Les Indiens des missions désiraient le relâchement de Lÿdius, mais, le 28 septembre, le Conseil supérieur le condamna à 3 000# d’amende et au bannissement. Il fut mis à bord du Héros en partance pour Rochefort et, si sa femme reçut l’autorisation de l’accompagner, leur fils nouveau-né fut gardé dans la colonie comme pupille de la couronne. Selon Beauharnois et Hocquart, ce bannissement ferait une vive impression « sur ceux qui sont dans l’habitude de faire le commerce étranger ou de le favoriser ». Même s’il n’avait pas payé son amende, Lÿdius ne resta pas longtemps en prison à Rochefort.

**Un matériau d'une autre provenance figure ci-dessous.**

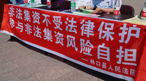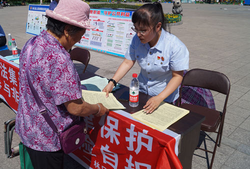 上午9时许,在院党组书记、院长孙凯的带领下,林口县法院干警来到兴林广场,悬挂横幅、张贴宣传标语,为过往群众发放法律宣传手册、宣讲法律知识、解答法律咨询、解读法院立、审、执的工作流程。刑庭庭长张伟兵针对非法集资问题,特别是针对中老年群体等重点人群进行了详细的讲解,并提醒他们要树立正确的理财观念,自觉抵制各种形式的非法集资活动,避免遭受损失。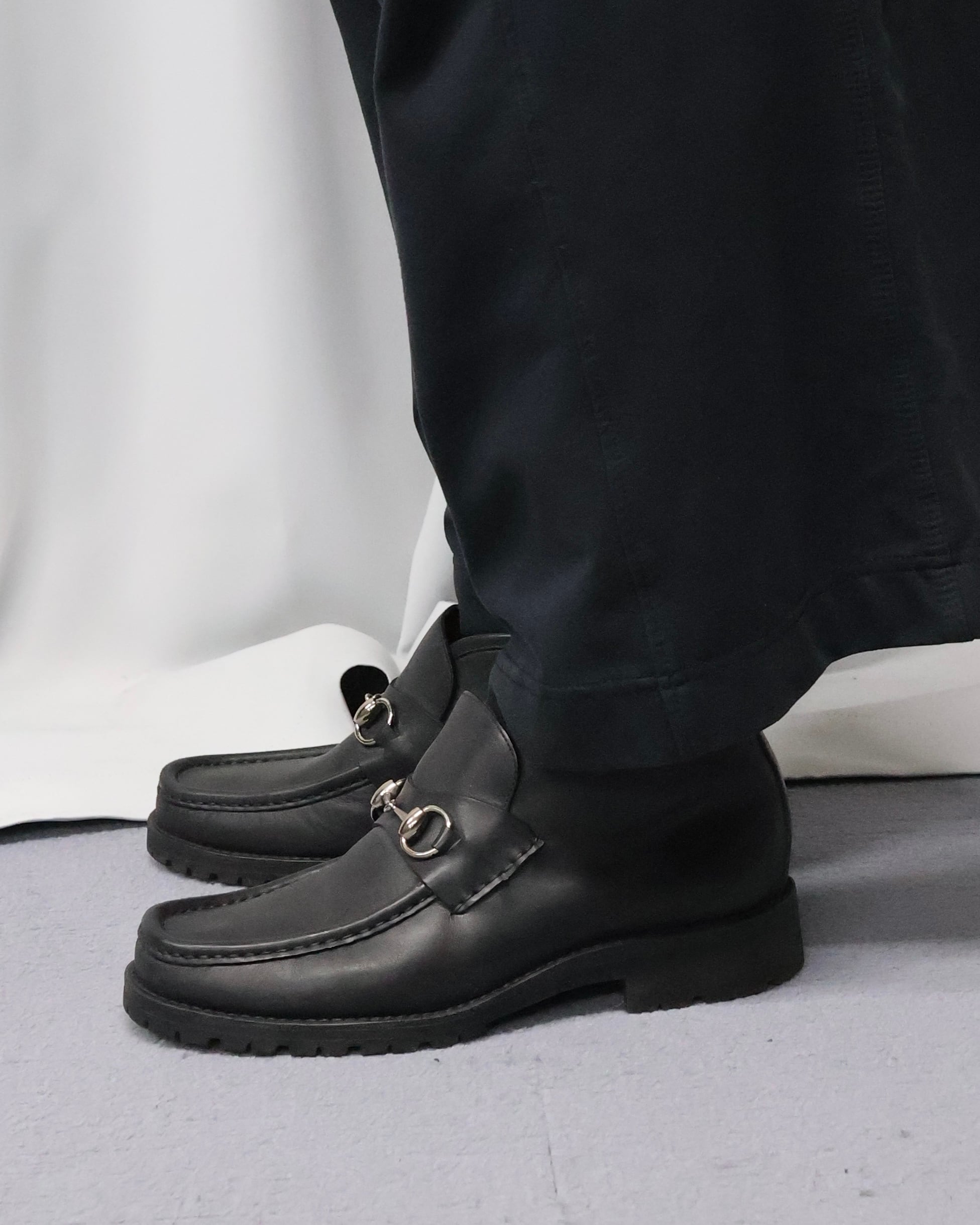 グッチのアイコニックなホースビットのエンブレムがあしらわれた、コンパクトでミニマルな佇まいのシューズ。様々な下半身に対応できる汎用性の高さと、単品での存在感の大きさが魅力で、一足いい革靴をお求めの方にお勧めしたいアイテム。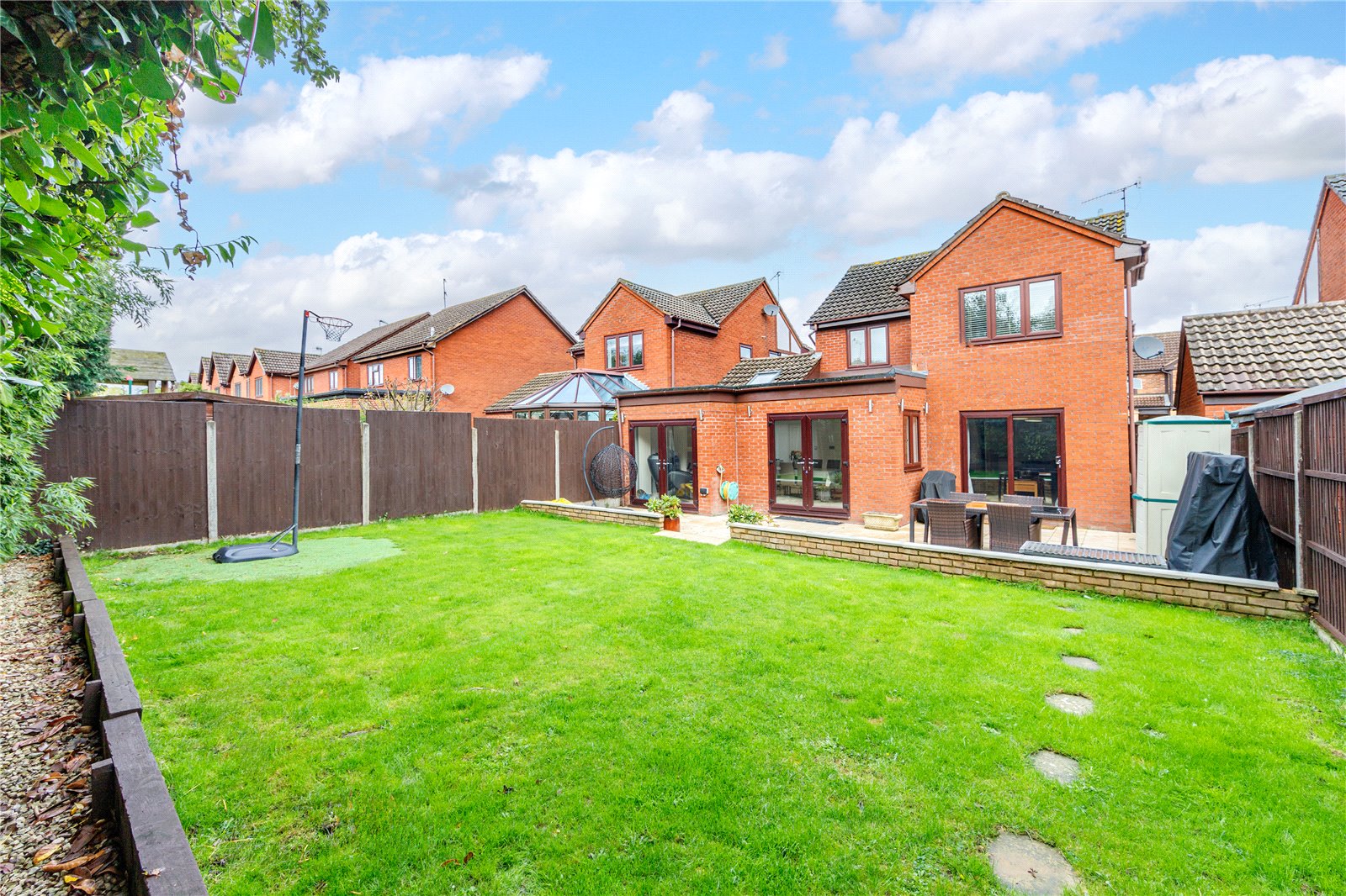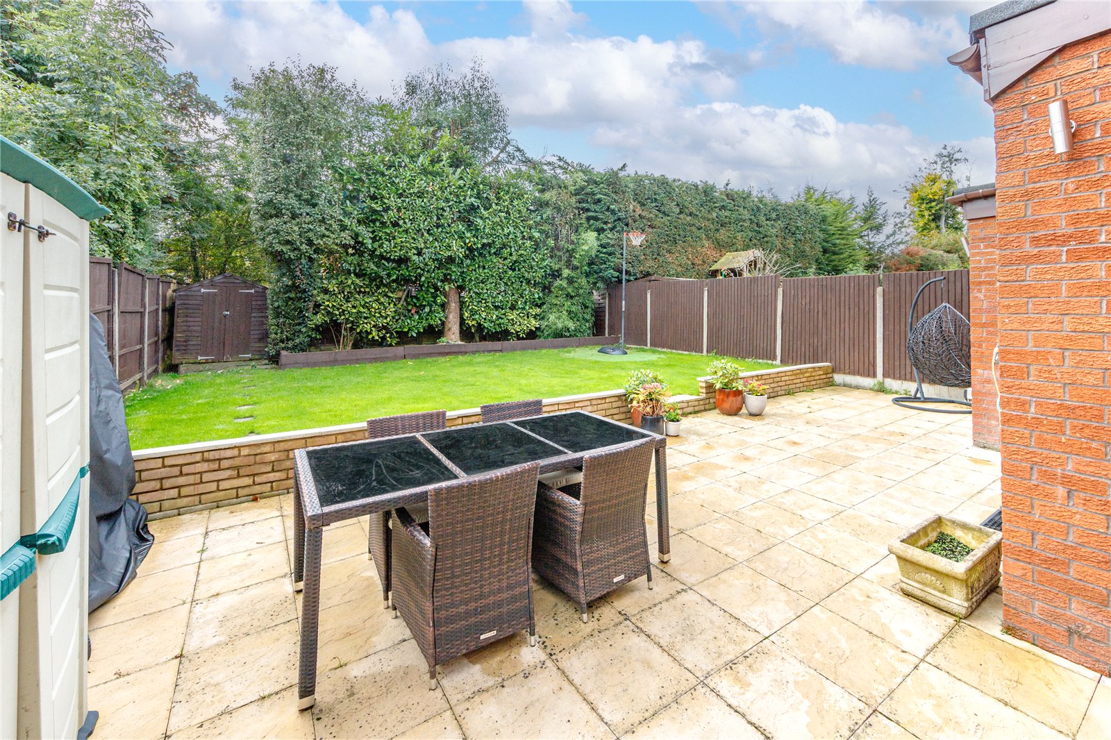 The family dining area offers access to the stunning south facing rear garden with paved patio area and, surrounded with tall trees offering a great amount of privacy. There is a side access that can be used to access the rear garden from the front of the property.

En persuadant le Conseil de Marine qu’il était Hollandais et qu’il avait laissé à Montréal des biens évalués à 12 000#, il obtint la permission de partir pour les Pays-Bas, à condition de ne jamais retourner en Nouvelle-France. En 1731, Beauharnois et Hocquart eurent le désagréable devoir d’informer les autorités françaises qu’elles avaient été trompées : Lÿdius n’avait laissé aucun bien à Montréal.
Lÿdius fit route vers la province de New York, et, en 1732, les Iroquois lui donnèrent une terre sur la rivière à la Loutre (ruisseau Otter, Vermont) en reconnaissance des travaux apostoliques de son père. Toutefois, c’est sur la rivière Hudson, au grand portage entre la vallée de l’Hudson et le lac Champlain que Lÿdius construisit un établissement, appelé fort Lÿdius (Fort Edward, New York). Ce fort était situé sur la route de traite entre New York et La Nouvelle-France, ce qui en gêna plusieurs. En 1735, à la suite d’une réunion, des commerçants de langue hollandaise vivant à Albany firent savoir aux Indiens des missions françaises qu’ils ne toléreraient pas ce poste. Ce furent les Français, toutefois, qui passèrent à l’action. Après la déclaration de la guerre entre la Grande-Bretagne et la France en 1744, un petit établissement voisin du fort fut surveillé et, en novembre 1745, une expédition conduite par Paul Marin* de La Malgue l’incendia. Lÿdius s’échappa et fit plusieurs voyages à Boston, cet hiver-là, pour plaider en faveur de la destruction du fort Saint-Frédéric (près de Crown Point, New York), la forteresse française la plus rapprochée de son poste. Ayant échoué dans ses démarches, il essaya d’organiser lui-même une incursion contre le Canada. À titre de trafiquant et d’agent de la couronne, il fournit gratuitement des provisions à des Indiens amis en les encourageant à lancer des partis de guerre contre les Français.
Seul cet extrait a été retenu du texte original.